Killer vs. Killers (Killer contro killer) is a 1985 Italian film directed and written by Fernando Di Leo.

Initially planned as a remake of The Asphalt Jungle (1950), the film changed production and only bore small references to the 1950 film. The film was not released theatrically in Italy, and was initially distributed on home video in Switzerland and Norway. It was Di Leo's final work in film.

==Cast==
- Henry Silva as Sterling
- Edmund Purdom as His Excellency
- Albert Janni as Ferrari
- Franco Diogene as Burton
- Fernando Cerulli as Jaffe
- Dalila Di Lazzaro as Cherry

==Production==
The film was initially announced in 1983 as Killer e Killers (lit. 'Killer and Killers') by producer Ettore Spagnuolo, with production set to begin in February 1984. It was initially conceived as a remake of The Asphalt Jungle (1950) with director and screenwriter Fernando Di Leo hoping to cast Charles Bronson and Omar Sharif, while ultimately casting Henry Silva and Harrison Muller Jr. who he had worked with on The Violent Breed (1984).
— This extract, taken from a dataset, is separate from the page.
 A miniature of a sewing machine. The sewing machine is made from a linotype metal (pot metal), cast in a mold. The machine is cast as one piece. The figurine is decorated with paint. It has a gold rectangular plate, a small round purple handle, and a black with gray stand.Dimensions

This production did not proceed. Later, the film, now titled Killer vs. Killers, was restarted by the small Rome-based film company called Robur Film. Filming began on September 24, 1984 and was shot in Rome and Monte Carlo. Muller's role was replaced by Mario Colajanni, who was a former singer and the legal representative for Robur Film. He is billed as Albert Janni. Some references to The Asphalt Jungle remain in the film with characters named Jaffe and Sterling.
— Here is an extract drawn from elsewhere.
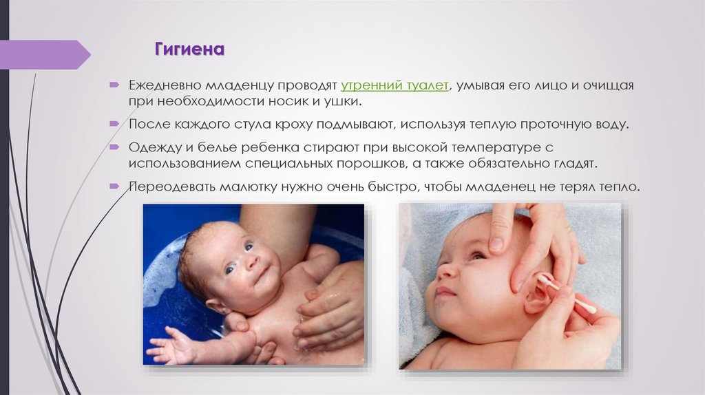 ГигиенаЕжедневно младенцу проводят утренний туалет, умывая его лицо и очищая

While trade papers reported the film being completed by November 1985, Robur Films ceded the rights to the film in April 1985.

==Release==
Killer vs. Killers was never released theatrically in Italy. It was released in 1985. The film was sold abroad, being released on home video in Switzerland on the Cinelux label as Commando di morte while its opening credits gave it the title of Death Commando. It was also released in Norway as Killer vs Killer on the Video Activ label.

Di Leo spoke about the film later, saying, "It's a shame because I had a good story. But it was hell. The film was delayed; it was almost cancelled," and that "the film was poorly distributed. No one saw it. I came out of it sick, exhausted, with zero morale and with the desire to stop making films." Killer vs. Killers was Fernando Di Leo's final film. In a 1988 interview, he said that "The producers no longer have the slightest idea. They are just making reheated stuff. I don't want to prostitute myself to continue making films."

Following a 2004 retrospective series of screenings of Di Leo's films at the Venice Film Festival, there were several DVD releases of his films, including Killer contro killer as Killer vs. Killers.